**AIM OF THE EXERCISE:** Exclude the pictures, then quote exactly the lines from the one holding "1,2年生は算数の復習問題に取り組んでいます。" through the last line of the records.

=== DATASET ===

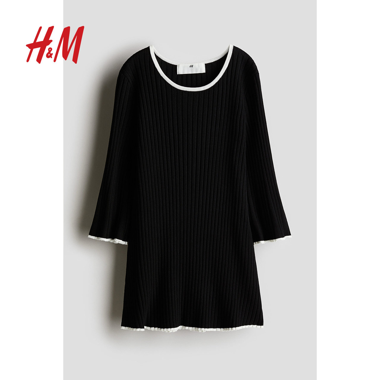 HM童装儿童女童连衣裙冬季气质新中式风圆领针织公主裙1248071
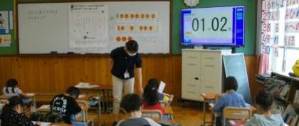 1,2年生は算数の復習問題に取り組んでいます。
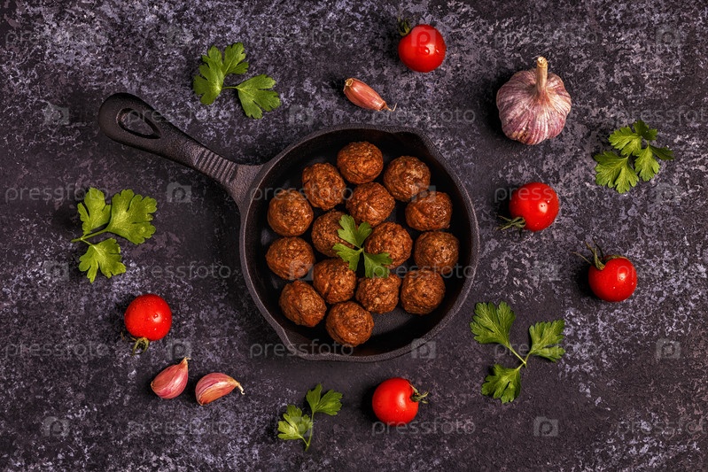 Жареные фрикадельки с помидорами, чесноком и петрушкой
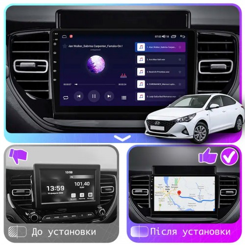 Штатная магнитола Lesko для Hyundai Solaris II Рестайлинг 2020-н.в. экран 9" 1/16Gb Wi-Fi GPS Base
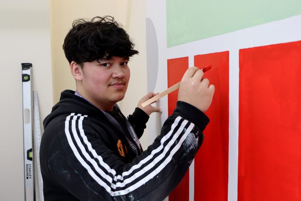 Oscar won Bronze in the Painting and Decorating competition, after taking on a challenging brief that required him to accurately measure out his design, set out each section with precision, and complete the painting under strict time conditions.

===

**ANSWER SECTION:**
 1,2年生は算数の復習問題に取り組んでいます。
 Жареные фрикадельки с помидорами, чесноком и петрушкой
 Штатная магнитола Lesko для Hyundai Solaris II Рестайлинг 2020-н.в. экран 9" 1/16Gb Wi-Fi GPS Base
 Oscar won Bronze in the Painting and Decorating competition, after taking on a challenging brief that required him to accurately measure out his design, set out each section with precision, and complete the painting under strict time conditions.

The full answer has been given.